COLLECTED MATERIAL:
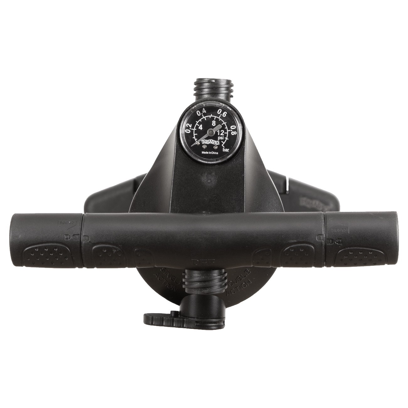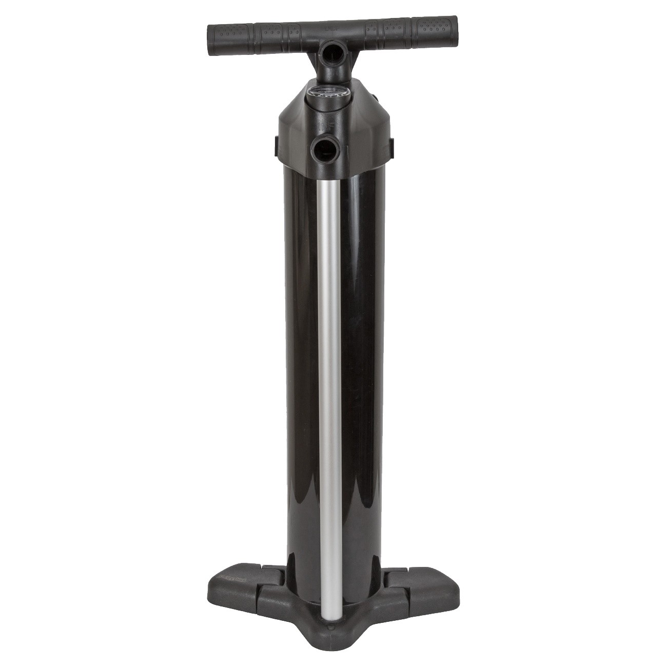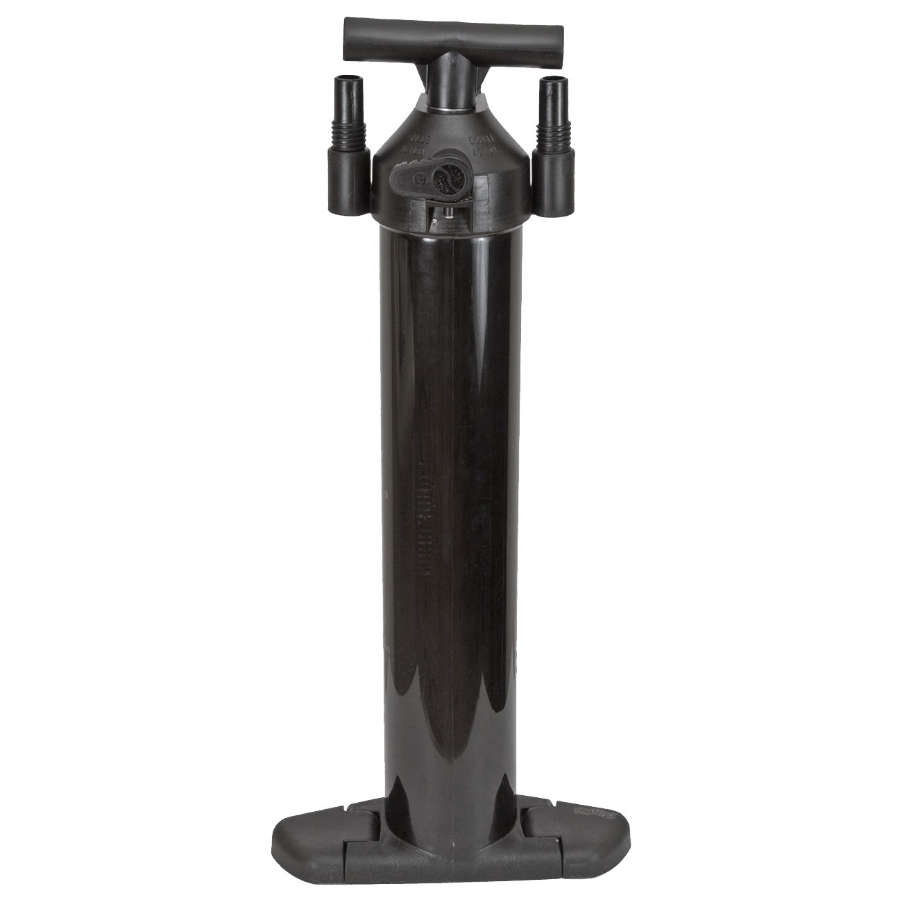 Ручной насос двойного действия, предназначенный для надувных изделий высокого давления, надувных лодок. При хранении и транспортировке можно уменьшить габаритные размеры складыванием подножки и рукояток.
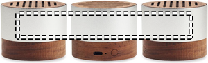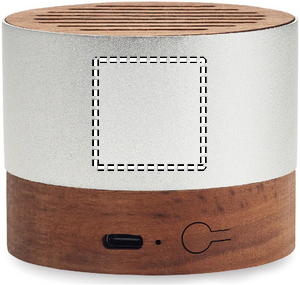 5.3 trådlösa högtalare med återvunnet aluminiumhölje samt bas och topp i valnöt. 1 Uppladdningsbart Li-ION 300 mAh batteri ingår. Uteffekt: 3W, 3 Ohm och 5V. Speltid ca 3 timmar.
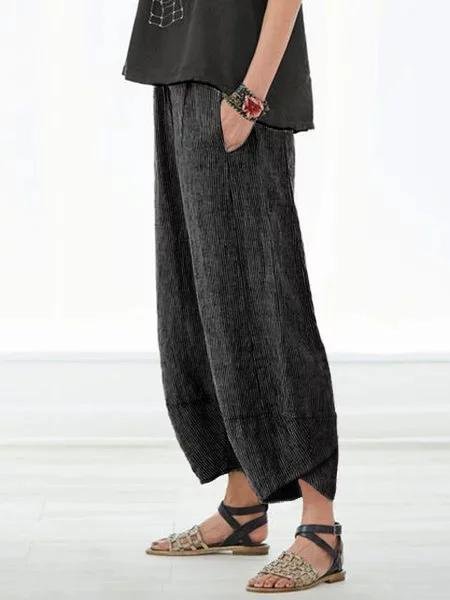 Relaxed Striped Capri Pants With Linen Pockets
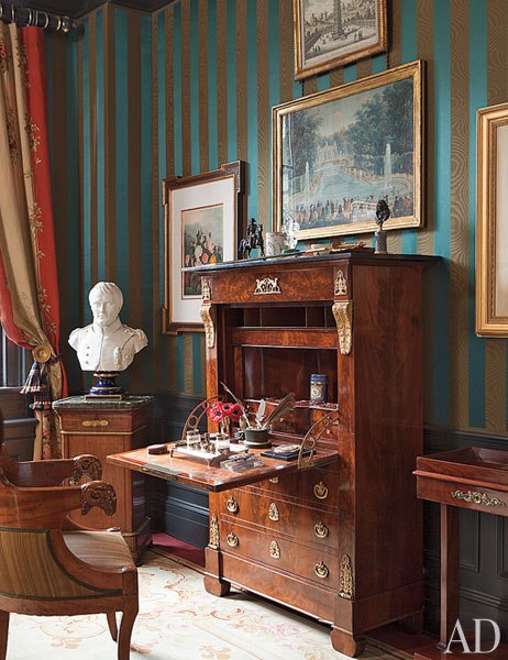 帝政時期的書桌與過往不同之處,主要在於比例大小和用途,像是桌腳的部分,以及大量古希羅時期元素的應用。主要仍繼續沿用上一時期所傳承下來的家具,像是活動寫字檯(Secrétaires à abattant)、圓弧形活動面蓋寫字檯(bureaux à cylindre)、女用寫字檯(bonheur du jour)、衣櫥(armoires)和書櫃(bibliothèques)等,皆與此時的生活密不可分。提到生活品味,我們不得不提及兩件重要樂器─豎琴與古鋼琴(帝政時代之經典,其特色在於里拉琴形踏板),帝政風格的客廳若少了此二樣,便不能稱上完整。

EXERCISE GOAL: Line by line, write out the material exactly, leaving the images out.

WRITTEN REPLY:
 Ручной насос двойного действия, предназначенный для надувных изделий высокого давления, надувных лодок. При хранении и транспортировке можно уменьшить габаритные размеры складыванием подножки и рукояток.
 5.3 trådlösa högtalare med återvunnet aluminiumhölje samt bas och topp i valnöt. 1 Uppladdningsbart Li-ION 300 mAh batteri ingår. Uteffekt: 3W, 3 Ohm och 5V. Speltid ca 3 timmar.
 Relaxed Striped Capri Pants With Linen Pockets
 帝政時期的書桌與過往不同之處,主要在於比例大小和用途,像是桌腳的部分,以及大量古希羅時期元素的應用。主要仍繼續沿用上一時期所傳承下來的家具,像是活動寫字檯(Secrétaires à abattant)、圓弧形活動面蓋寫字檯(bureaux à cylindre)、女用寫字檯(bonheur du jour)、衣櫥(armoires)和書櫃(bibliothèques)等,皆與此時的生活密不可分。提到生活品味,我們不得不提及兩件重要樂器─豎琴與古鋼琴(帝政時代之經典,其特色在於里拉琴形踏板),帝政風格的客廳若少了此二樣,便不能稱上完整。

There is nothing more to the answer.